> _Directions for this task_
For the records below, please print exactly and only the lines from the one with "Relaxdays Plastic Shoe" down to the one with "Schattige kinder pop-up", both ends included, omitting the pictures.

[Start of Attachment]

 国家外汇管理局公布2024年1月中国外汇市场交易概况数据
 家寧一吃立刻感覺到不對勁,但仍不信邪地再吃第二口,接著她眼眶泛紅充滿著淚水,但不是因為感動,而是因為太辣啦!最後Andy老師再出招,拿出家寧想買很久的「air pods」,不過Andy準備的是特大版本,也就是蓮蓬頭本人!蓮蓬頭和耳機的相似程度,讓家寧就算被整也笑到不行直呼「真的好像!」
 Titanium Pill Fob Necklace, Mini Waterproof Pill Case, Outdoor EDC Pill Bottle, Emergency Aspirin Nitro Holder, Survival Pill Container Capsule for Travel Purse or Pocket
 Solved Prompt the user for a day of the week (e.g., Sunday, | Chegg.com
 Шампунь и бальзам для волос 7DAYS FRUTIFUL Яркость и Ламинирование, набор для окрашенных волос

[End of Attachment]
[Start of Attachment]

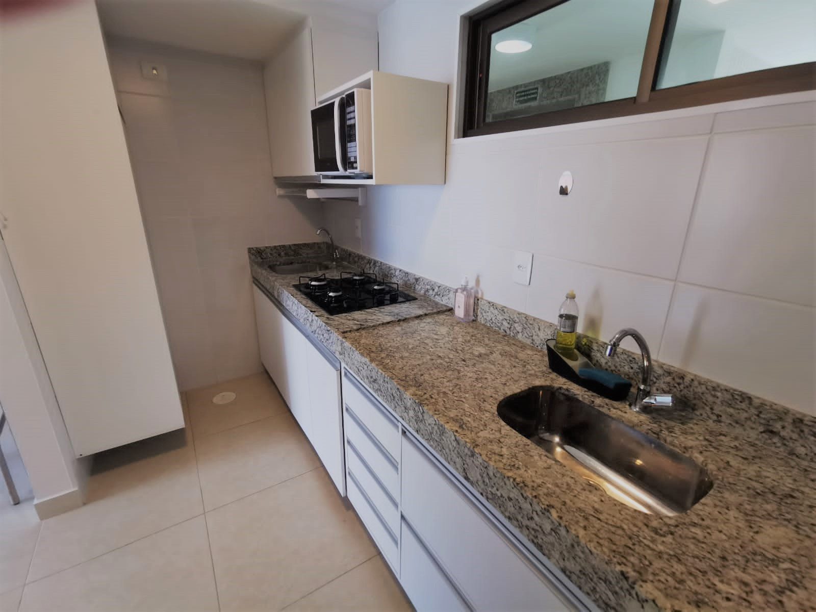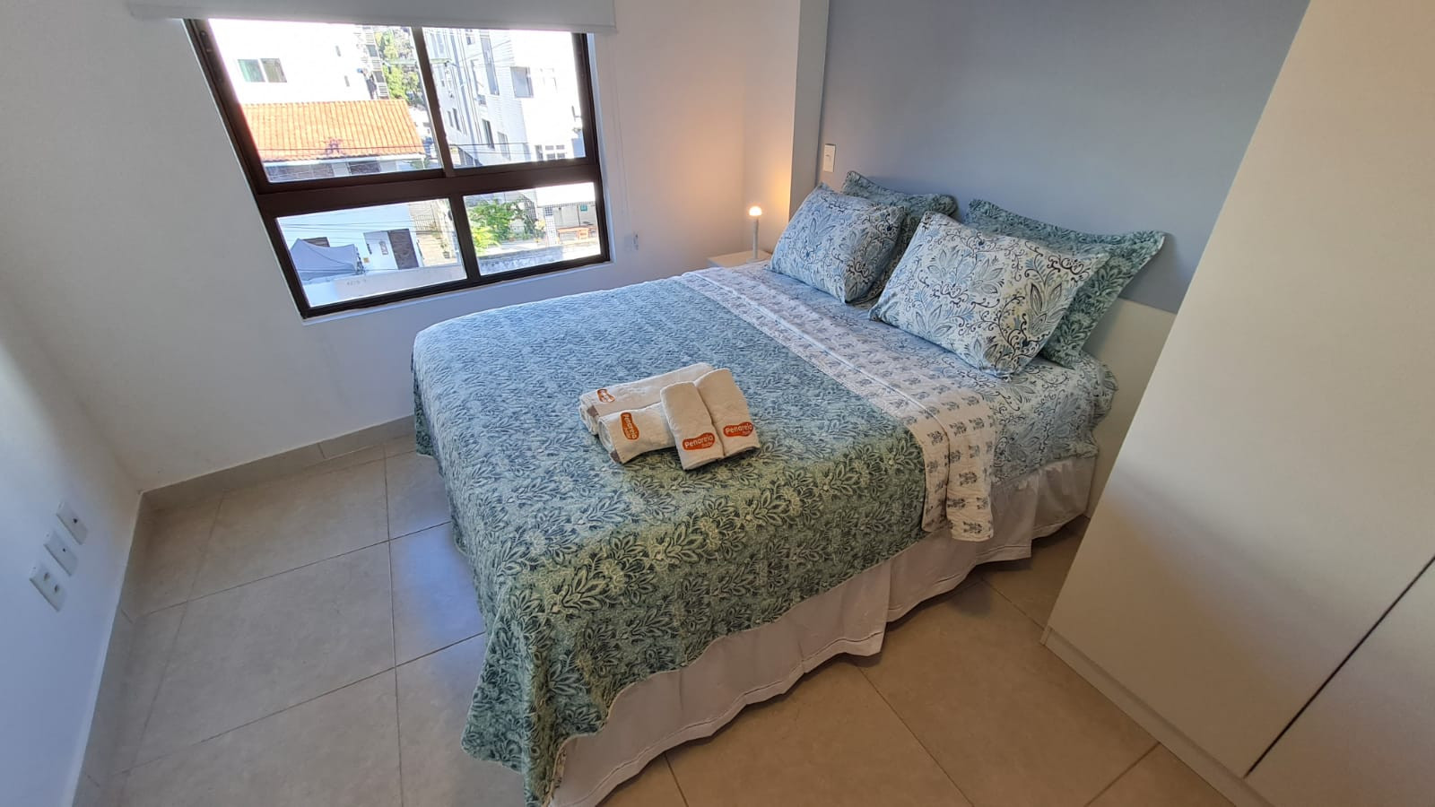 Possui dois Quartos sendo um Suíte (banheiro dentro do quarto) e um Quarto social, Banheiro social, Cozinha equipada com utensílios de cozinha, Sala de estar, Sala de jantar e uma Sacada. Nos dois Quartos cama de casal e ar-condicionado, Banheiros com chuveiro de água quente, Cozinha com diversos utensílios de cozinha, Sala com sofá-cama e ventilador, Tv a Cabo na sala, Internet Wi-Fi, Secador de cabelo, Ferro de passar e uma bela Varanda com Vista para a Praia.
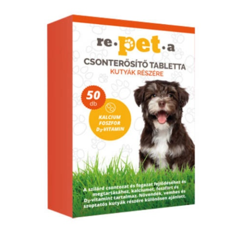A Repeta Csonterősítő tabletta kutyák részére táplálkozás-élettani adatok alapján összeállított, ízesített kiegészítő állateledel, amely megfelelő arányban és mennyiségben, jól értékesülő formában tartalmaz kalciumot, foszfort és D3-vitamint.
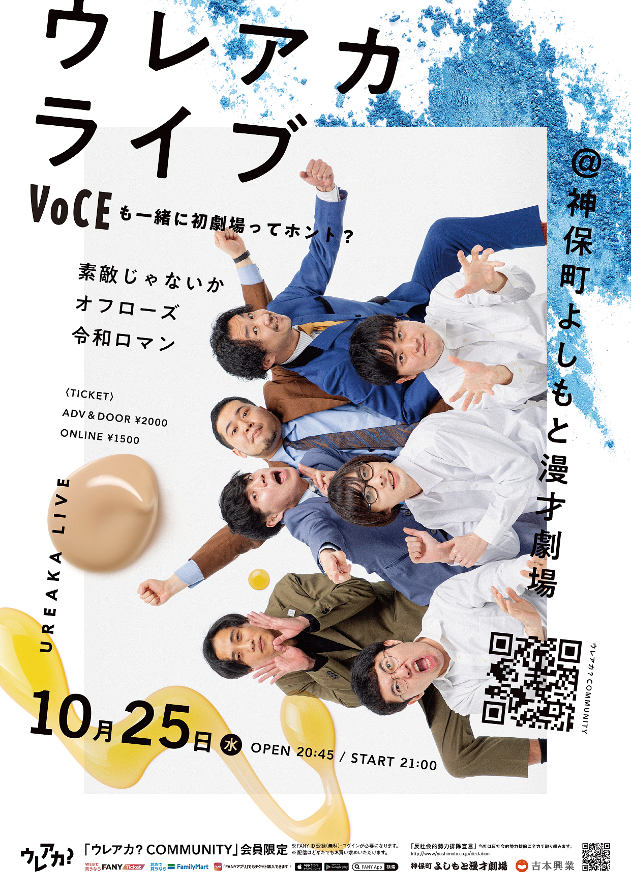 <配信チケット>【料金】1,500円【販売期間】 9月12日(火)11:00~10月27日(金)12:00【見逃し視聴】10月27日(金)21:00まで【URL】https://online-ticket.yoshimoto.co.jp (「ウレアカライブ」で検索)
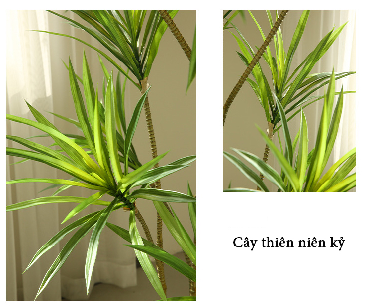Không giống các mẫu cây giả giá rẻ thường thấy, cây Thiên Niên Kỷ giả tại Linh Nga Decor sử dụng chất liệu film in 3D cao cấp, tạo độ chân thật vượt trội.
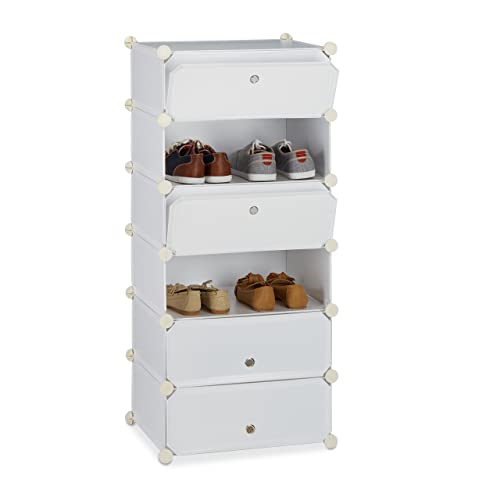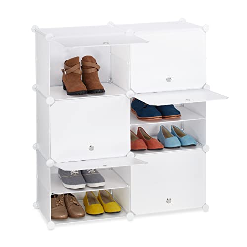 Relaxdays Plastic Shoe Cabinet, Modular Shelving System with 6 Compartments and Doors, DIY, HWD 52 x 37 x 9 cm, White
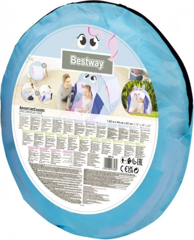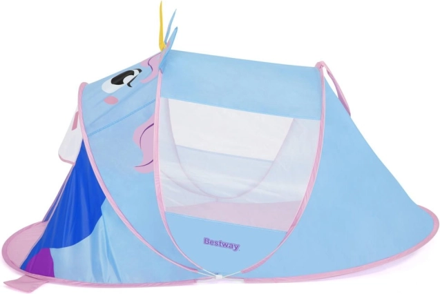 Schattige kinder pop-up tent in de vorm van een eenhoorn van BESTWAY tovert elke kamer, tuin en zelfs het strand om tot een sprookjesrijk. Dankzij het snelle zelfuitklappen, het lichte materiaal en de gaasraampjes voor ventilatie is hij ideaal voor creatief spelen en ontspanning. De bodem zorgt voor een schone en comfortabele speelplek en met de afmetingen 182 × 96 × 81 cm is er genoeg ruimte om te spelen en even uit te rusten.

[End of Attachment]

> _Answer section_
 Relaxdays Plastic Shoe Cabinet, Modular Shelving System with 6 Compartments and Doors, DIY, HWD 52 x 37 x 9 cm, White
 Schattige kinder pop-up tent in de vorm van een eenhoorn van BESTWAY tovert elke kamer, tuin en zelfs het strand om tot een sprookjesrijk. Dankzij het snelle zelfuitklappen, het lichte materiaal en de gaasraampjes voor ventilatie is hij ideaal voor creatief spelen en ontspanning. De bodem zorgt voor een schone en comfortabele speelplek en met de afmetingen 182 × 96 × 81 cm is er genoeg ruimte om te spelen en even uit te rusten.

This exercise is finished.